Another paper, Khaligh-Razavi and Kriegeskorte (2014), also uses representational similarity analysis to compare 37 different models to human and monkey IT. They too found that models better at object recognition better matched IT representations. Furthermore, the deep CNN trained via supervised learning (“AlexNet”) was the best performing and the best match, with later layers in the network performing better than earlier ones.

The neocognitron model was inspired by the findings of Hubel and Wiesel and went on to inspire modern CNNs, but it also spawned a branch of research in visual neuroscience recognized perhaps most visibly in the labs of Tomaso Poggio, Thomas Serre, Maximilian Riesenhuber, and Jim DiCarlo, among others. Models based on stacks of convolutions and max-pooling were used to explain various properties of the visual system. These models tended to use different nonlinearities than current CNNs and unsupervised training of features as was popular in machine learning at the time as well, and they didn’t reach the scale of modern CNNs.
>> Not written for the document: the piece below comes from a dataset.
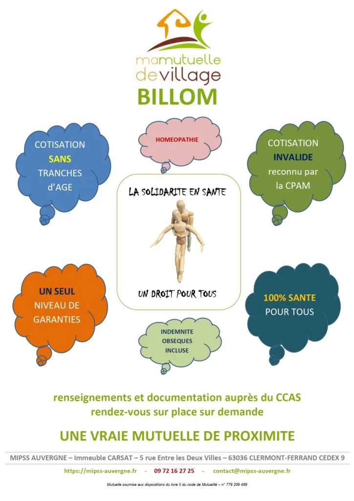 Depuis 2018, les habitants de Billom et leurs proches peuvent adhérer à « Ma Mutuelle de Village », une complémentaire santé prônant la solidarité, la démocratie et la proximité.

The path taken by visual neuroscientists and computer vision researchers has variously merged and diverged, as they pursued separate but related goals. But in total, CNNs can readily be viewed as a continuation of the modeling trajectory set upon by visual neuroscientists. The contributions from the field of deep learning relate to the computational power and training methods (and data) that allowed these models to finally become functional. CNNs have three main traits that support their use as models of biological vision. They can perform visual tasks at near-human levels, they do this with an architecture that replicates basic features known about the visual system, and they produce activity that is directly relatable to the activity of different areas in the visual system

To start, by their very nature and architecture, they have two important components of the visual hierarchy. First, receptive field sizes of individual units grow as we progress through the layers of the network just as they do as we progress from V1 to IT. Second, neurons respond to increasingly complex image features as we progress through the layers just as tuning goes from simple lines in V1 to object parts in IT. This increase in feature complexity can be seen directly through visualization techniques available in CNNs.
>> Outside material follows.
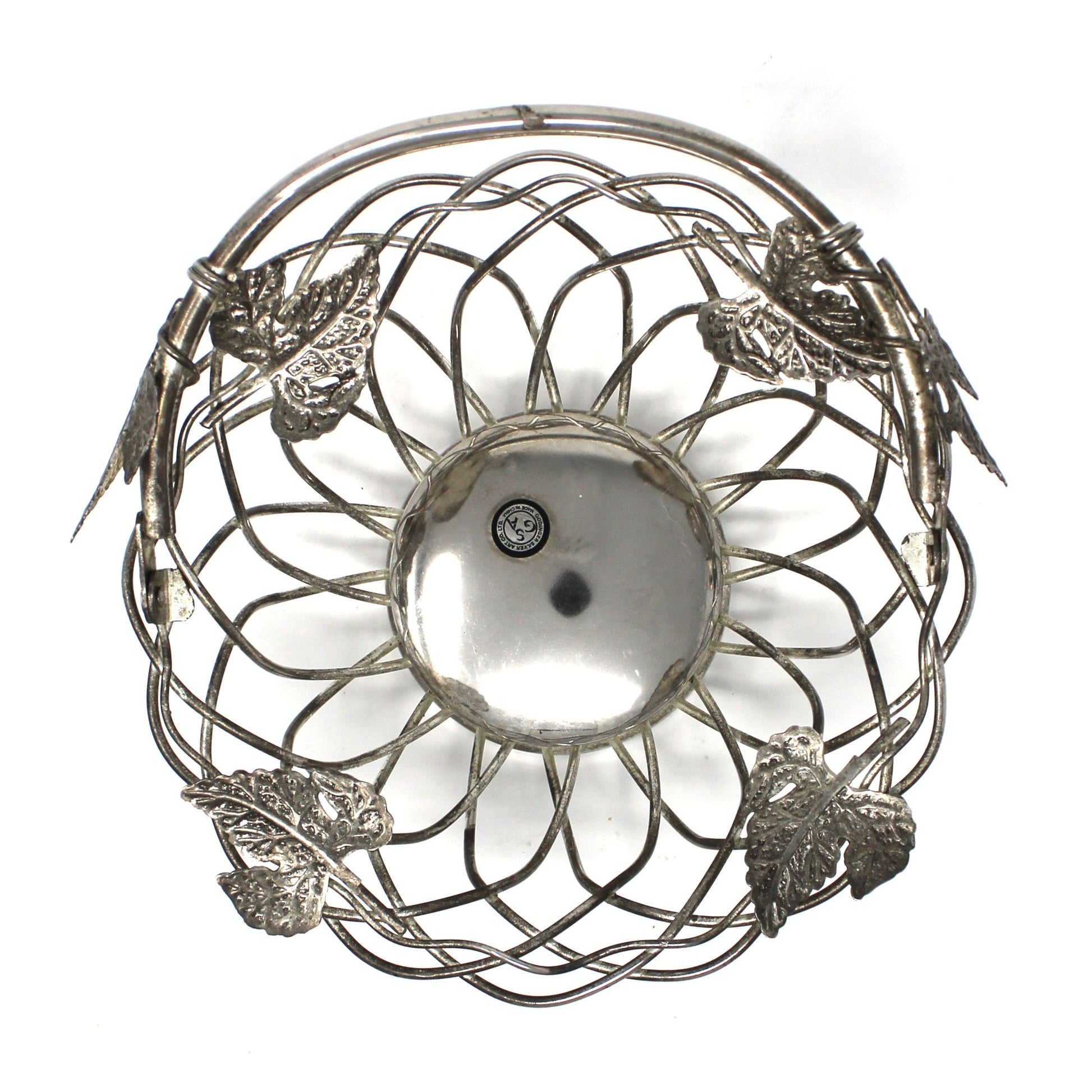 - Details: This is a very elegant pierced / wire basket from Godinger Silver. The pattern has several hammered maple leaves (could be grape leaves), with a pretty movable handle. Useful as a bread/rolls server, to hold fruits or lovely on its own as decor. It retains its original sticker that reads: "GSA Godinger Silver Art Co LTD, Made in China." It's also stamped on the bottom, "Godinger". It has a nice weight to it, heavy for its size. Its vintage charm and refined metalwork bring timeless elegance to any room, while the durable silverplate finish ensures lasting beauty. A sophisticated accent piece for collectors and design enthusiasts alike.

Looking more deeply into the third reason, many studies subsequent to the original 2014 work have further established the relationship between activity in CNNs and the visual systems. These all show the same general finding. The activity of artificial networks can be related to the activity of the visual system when both are shown the same images. Furthermore, later layers in the network correspond to later areas in the ventral visual stream or later time points in the response when using methods such as magnetoencephalography.
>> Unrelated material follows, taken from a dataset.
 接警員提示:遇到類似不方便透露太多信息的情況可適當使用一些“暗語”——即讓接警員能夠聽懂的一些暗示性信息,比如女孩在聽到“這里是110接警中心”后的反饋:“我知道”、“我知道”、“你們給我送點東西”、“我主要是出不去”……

Many different methods and datasets have been used to make these points, as can be seen in the following studies: Seibert et al. (2016), Cadena et al. (2017), Cichy et al. (2016), Wen et al. (2018), Eickenberg et al. (2017), Güçlü and van Gerven (2015), and Seeliger et al. (2017). Correlation between the representations at different CNN layers and brain areas from Cichy et al.

The focus of these studies is generally on the initial neural response to briefly-presented natural images of various object categories. Thus, these CNNs are capturing what’s been referred to as “core object recognition,” or “the ability to rapidly discriminate a given visual object from all other objects even in the face of identity-preserving transformations (position, size, viewpoint, and visual context).” In general, standard feedforward CNNs best capture the early components of the visual response, suggesting they are replicating the initial feedforward sweep of information from retina to higher cortical areas.

The fact that the succession of neural representations created by the visual system can be replicated by CNNs suggests that they are doing the same “untangling” process. That is, both systems take representations of different object categories that are inseparable at the image/retinal level and create representations that allow for linear separability.

In addition to comparing activities, we can also delve deeper into the first reason i.e., the performance of the network. Detailed comparisons of the behavior of these networks to humans and animals can further serve to verify their use as a model and identify areas where progress is still needed. The findings from this kind of work have shown that these networks can capture patterns of human classification behavior better than previous models in multiple domains and even predict or manipulate it, but fall short in certain specifics such as how performance falls off with noise, or when variations in images are small.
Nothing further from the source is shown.